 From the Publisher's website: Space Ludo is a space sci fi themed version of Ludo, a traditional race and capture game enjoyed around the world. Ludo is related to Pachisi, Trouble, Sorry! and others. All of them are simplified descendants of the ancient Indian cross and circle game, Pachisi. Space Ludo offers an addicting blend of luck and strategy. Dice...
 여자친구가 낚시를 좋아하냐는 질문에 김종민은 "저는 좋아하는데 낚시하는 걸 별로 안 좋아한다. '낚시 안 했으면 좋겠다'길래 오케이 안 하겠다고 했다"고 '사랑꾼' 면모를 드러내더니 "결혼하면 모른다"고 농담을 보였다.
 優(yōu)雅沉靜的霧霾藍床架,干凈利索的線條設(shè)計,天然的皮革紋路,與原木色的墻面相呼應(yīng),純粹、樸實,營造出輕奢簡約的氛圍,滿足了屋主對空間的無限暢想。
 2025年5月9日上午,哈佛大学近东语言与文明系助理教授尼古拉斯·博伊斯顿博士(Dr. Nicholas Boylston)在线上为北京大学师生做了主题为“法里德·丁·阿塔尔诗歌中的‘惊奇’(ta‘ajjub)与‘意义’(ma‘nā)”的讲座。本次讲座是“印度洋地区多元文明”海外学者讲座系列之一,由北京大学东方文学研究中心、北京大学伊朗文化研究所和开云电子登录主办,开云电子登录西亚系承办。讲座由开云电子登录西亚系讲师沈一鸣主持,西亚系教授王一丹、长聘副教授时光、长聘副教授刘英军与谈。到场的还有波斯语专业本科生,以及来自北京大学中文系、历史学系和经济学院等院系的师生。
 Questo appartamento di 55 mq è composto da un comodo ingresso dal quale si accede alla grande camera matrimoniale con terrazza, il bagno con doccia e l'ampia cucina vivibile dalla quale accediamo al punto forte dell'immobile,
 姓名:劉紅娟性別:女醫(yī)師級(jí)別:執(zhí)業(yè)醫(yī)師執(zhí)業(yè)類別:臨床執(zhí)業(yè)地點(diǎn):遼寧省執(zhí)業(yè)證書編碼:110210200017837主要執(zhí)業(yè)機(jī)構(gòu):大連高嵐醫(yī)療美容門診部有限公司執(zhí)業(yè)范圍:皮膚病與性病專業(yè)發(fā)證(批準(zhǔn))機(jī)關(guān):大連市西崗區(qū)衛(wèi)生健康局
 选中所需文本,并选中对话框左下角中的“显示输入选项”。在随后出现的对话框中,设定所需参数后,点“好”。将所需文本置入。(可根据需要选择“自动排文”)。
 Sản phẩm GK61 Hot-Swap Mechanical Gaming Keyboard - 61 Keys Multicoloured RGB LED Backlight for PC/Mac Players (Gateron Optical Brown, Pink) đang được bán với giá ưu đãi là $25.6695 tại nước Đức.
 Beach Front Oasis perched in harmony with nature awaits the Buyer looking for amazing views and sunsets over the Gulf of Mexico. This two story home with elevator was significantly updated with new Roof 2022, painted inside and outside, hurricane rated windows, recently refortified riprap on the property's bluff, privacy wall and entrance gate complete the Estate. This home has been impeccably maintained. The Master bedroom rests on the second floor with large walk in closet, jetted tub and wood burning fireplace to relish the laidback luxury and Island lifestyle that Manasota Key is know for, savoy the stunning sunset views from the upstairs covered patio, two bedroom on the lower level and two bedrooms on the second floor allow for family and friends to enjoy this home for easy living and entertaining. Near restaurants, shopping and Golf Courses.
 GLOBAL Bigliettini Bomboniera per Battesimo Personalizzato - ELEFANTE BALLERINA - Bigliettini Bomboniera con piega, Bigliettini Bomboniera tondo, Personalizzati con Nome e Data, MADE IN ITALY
#####
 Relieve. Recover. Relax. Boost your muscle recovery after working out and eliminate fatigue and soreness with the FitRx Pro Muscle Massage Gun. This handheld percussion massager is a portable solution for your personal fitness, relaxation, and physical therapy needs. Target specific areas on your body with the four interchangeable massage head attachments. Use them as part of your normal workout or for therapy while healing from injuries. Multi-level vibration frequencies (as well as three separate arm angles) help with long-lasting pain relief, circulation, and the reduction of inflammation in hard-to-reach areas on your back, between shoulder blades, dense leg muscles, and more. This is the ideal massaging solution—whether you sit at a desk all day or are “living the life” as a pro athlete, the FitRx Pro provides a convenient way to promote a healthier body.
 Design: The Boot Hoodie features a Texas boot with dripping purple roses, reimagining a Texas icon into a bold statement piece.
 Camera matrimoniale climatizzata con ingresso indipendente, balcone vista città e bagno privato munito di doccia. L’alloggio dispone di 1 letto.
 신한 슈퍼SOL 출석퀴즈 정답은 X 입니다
#####
Work task: Within the data above, pick out all lines holding the word "bagno".

Written response:
 Questo appartamento di 55 mq è composto da un comodo ingresso dal quale si accede alla grande camera matrimoniale con terrazza, il bagno con doccia e l'ampia cucina vivibile dalla quale accediamo al punto forte dell'immobile,
 Camera matrimoniale climatizzata con ingresso indipendente, balcone vista città e bagno privato munito di doccia. L’alloggio dispone di 1 letto.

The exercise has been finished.